I have a numpy structured array:
import numpy as np
arr1 = (np.array([32, 32, 32, 32, 32, 39, 21], dtype=np.int64),np.array([449, 451, 452, 453, 454, 463, 340], dtype=np.int64))
arr1_x = arr1[0]
arr1_y = arr1[1]
arr1_struct = np.empty(arr1_x.shape[0], dtype=[('x', int), ('y', int)])
arr1_struct["x"] = arr1_x
arr1_struct["y"] = arr1_y
I would need to determine the groups of y values that correspond to unique x values.

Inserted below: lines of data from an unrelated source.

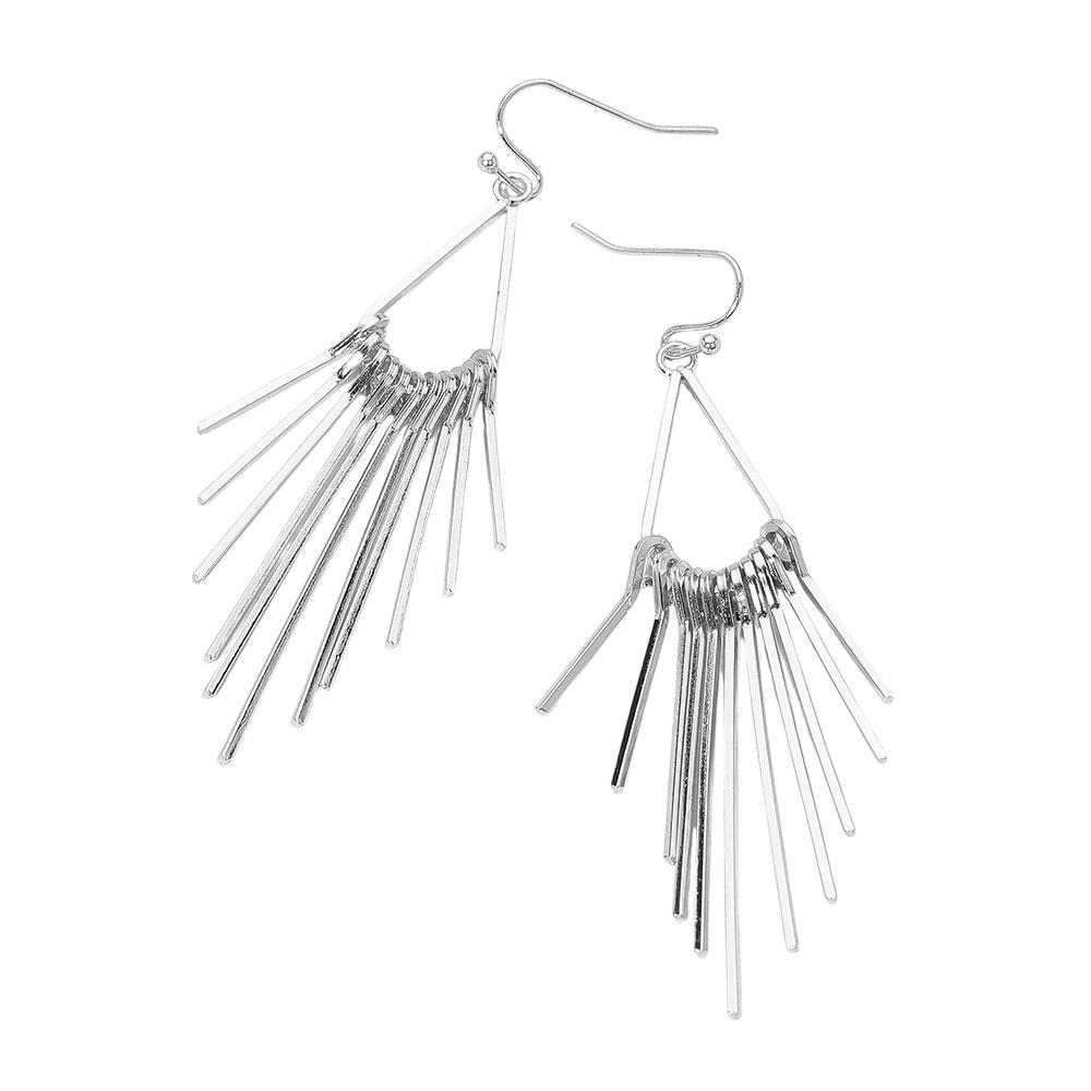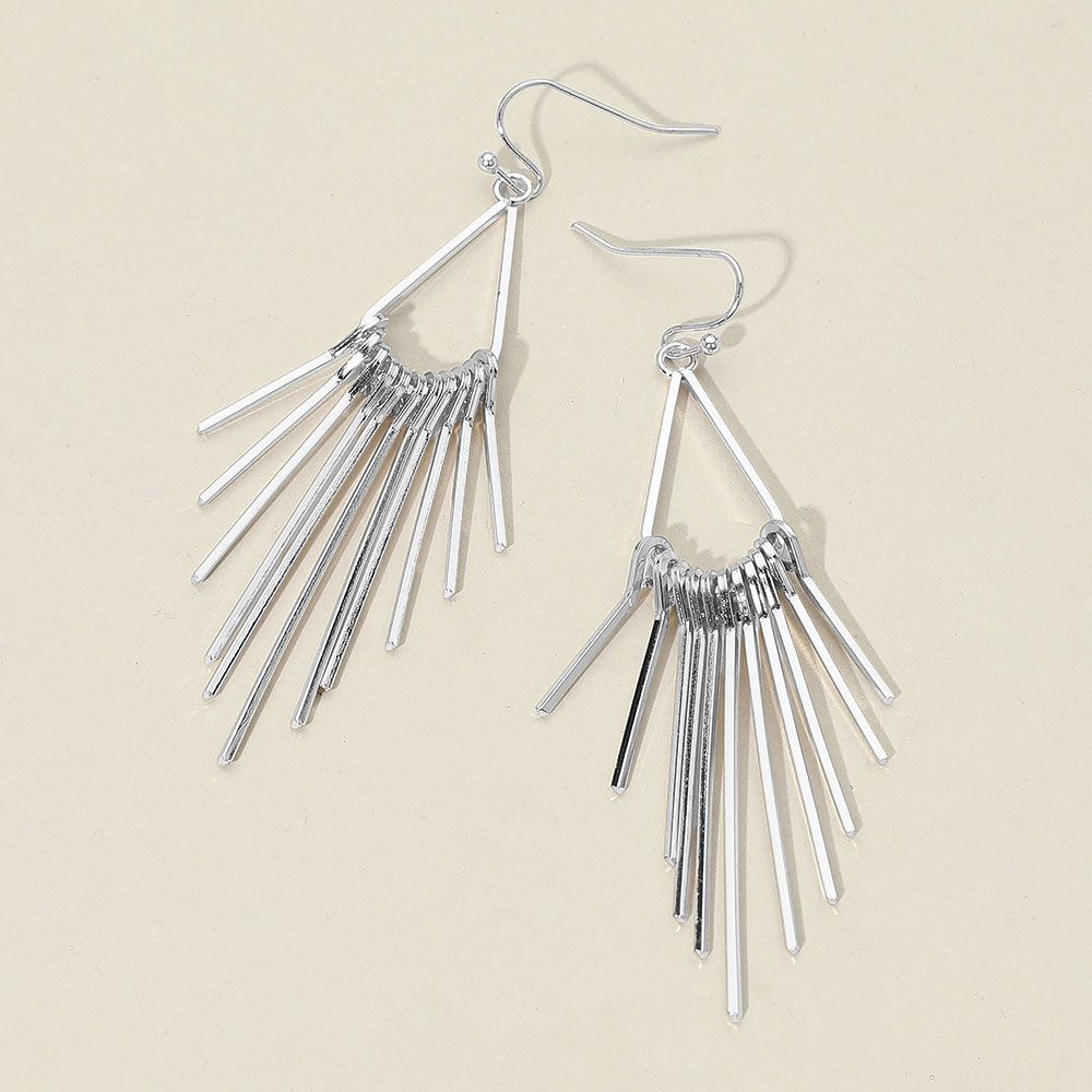 Details • Size : 0.6" X 3.1" • Fish Hook Back • Add a modern edge to your look with these geometric fan tassel drop earrings. Designed with sleek metal rods in a layered fan shape, they deliver movement, shine, and contemporary flair to any outfit. • Lead and Nickel Compliant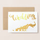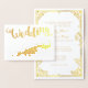 Invitaciones de matrimonio a la tipografía de pavo real de Relieve metalizado dorado. Invitaciones reales a la boda de Relieve metalizado.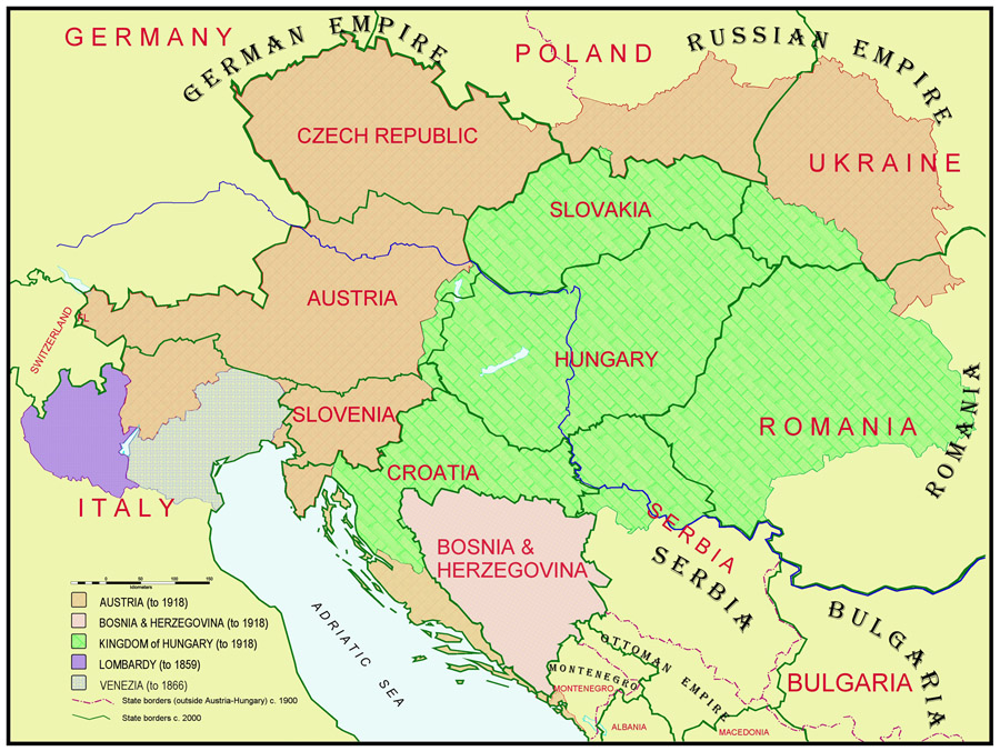 The Austrian-Hungarian Empire and today’s national boundaries

Using the above example, I would need to know that:
- Where x=32, y=449, 451, 452, 453, 454
- Where x=39, y=463
- Where x=21, y=340
I was looking into np.unique but that didn't give exactly what I'm after.
Any output format would be fine that provides this information. An example would be
x_unique = [32,39,21]y_unique = [ [449,451,452,453,454] , [463] , [340] ]

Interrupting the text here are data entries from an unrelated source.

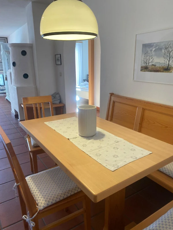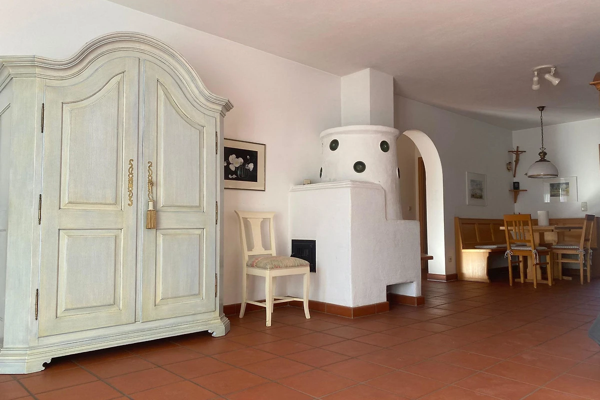 Der grosse Wohnraum ist mit einem gemütlichen Kachelofen, einem Fernseher, DVD-Player und einer Stereo-Anlage ausgestattet. Hier können Sie es sich nach einem ereignisreichen Tag gemütlich machen und entspannen.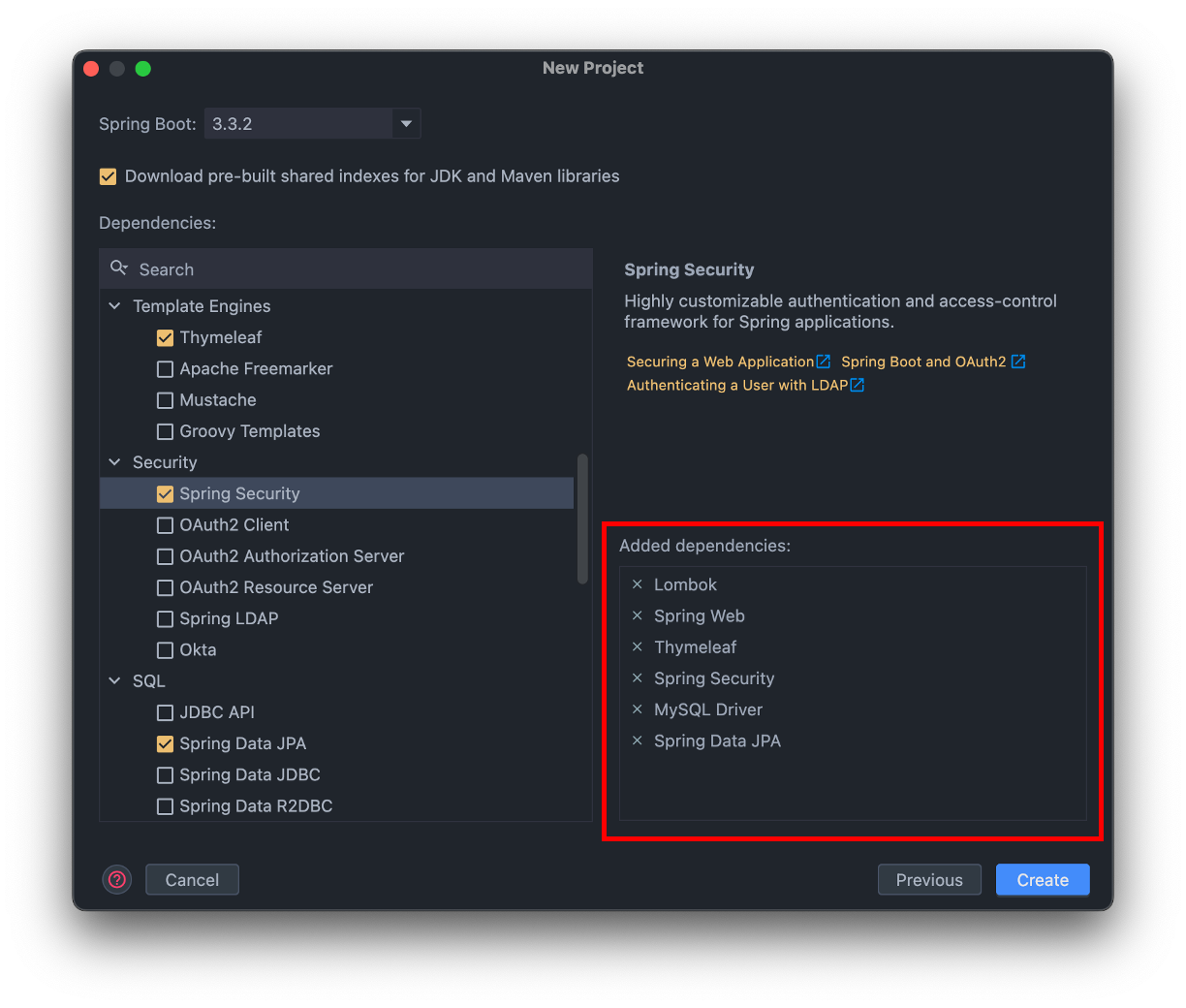 저는 SecurityExample이라는 이름으로 프로젝트를 생성하였고, 6개의 의존성(Lombok, Spring Web, Tymeleaf, Spring Security, MySQL Driver, Spring Data JPA)을 추가하였습니다.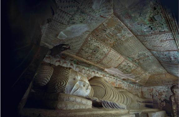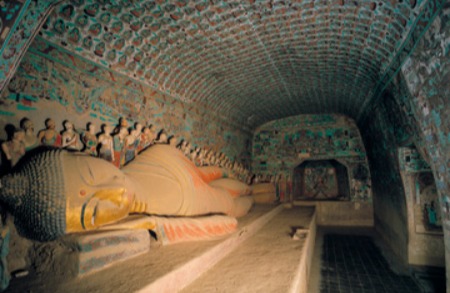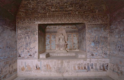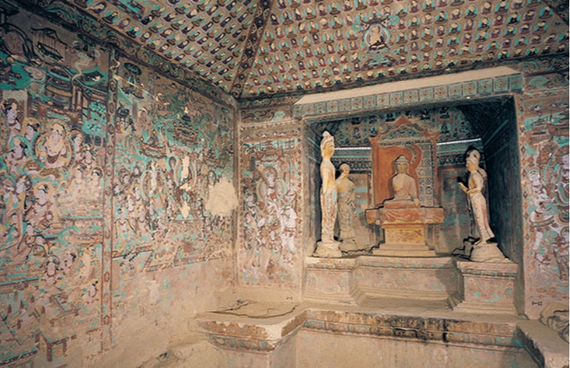 时代:盛唐(晚唐、西夏、清重修) 形制:拱形顶,西壁设涅槃佛坛,南、北壁各开一龛。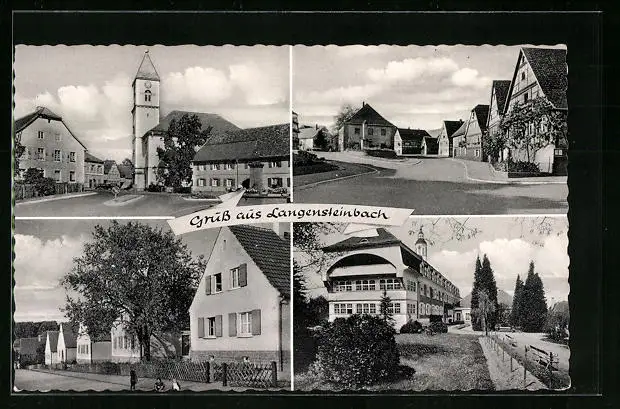 AK Langensteinbach, Strassenpartie mit Kirche, Wohnhäuser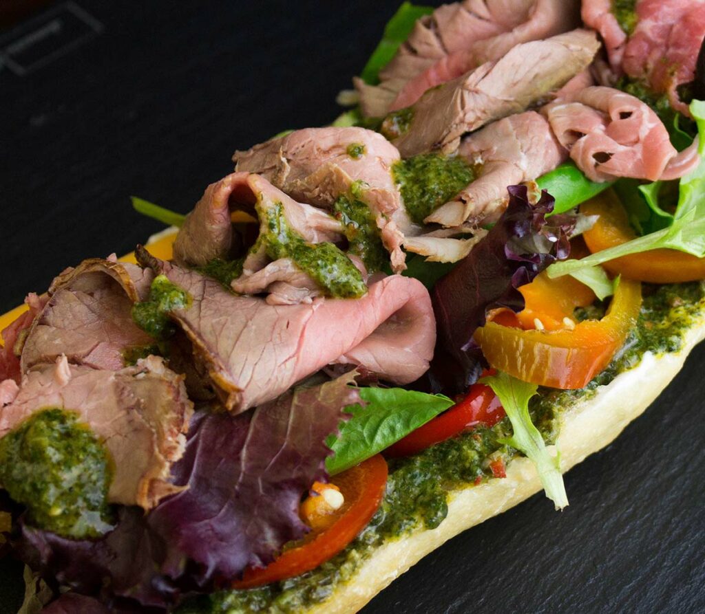 Spread Armanino Chimichurri Sauce on a baguette and layer sweet and hot peppers, lettuce and sliced roast beef. Drizzle more Chimichurri sauce on top.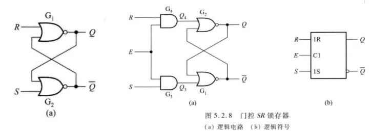 - 将上述的双稳态电路中的非门换成或非门,就构成了基本SR锁存器,它具有简单的控制功能。

Where the X value at index 0 in the x_unique array/list has the Y values at index 0 in the y_unique array/list, and so on so forth.
Is there an easy and efficient way to do this in numpy?
CodePudding user response:
Sounds like you need to be using pandas and work with a dataframe-like structure.
df = pd.DataFrame([*arr1], index=['x', 'y']).T
which gives
x y
0 32 449
1 32 451
2 32 452
3 32 453
4 32 454
5 39 463
6 21 340
Then,
>>> df.groupby('x')['y'].unique().to_dict()
{21: array([340]), 32: array([449, 451, 452, 453, 454]), 39: array([463])}
Without pandas, you can refer to this thread for analogous ways to perform a groupby with numpy or pure python.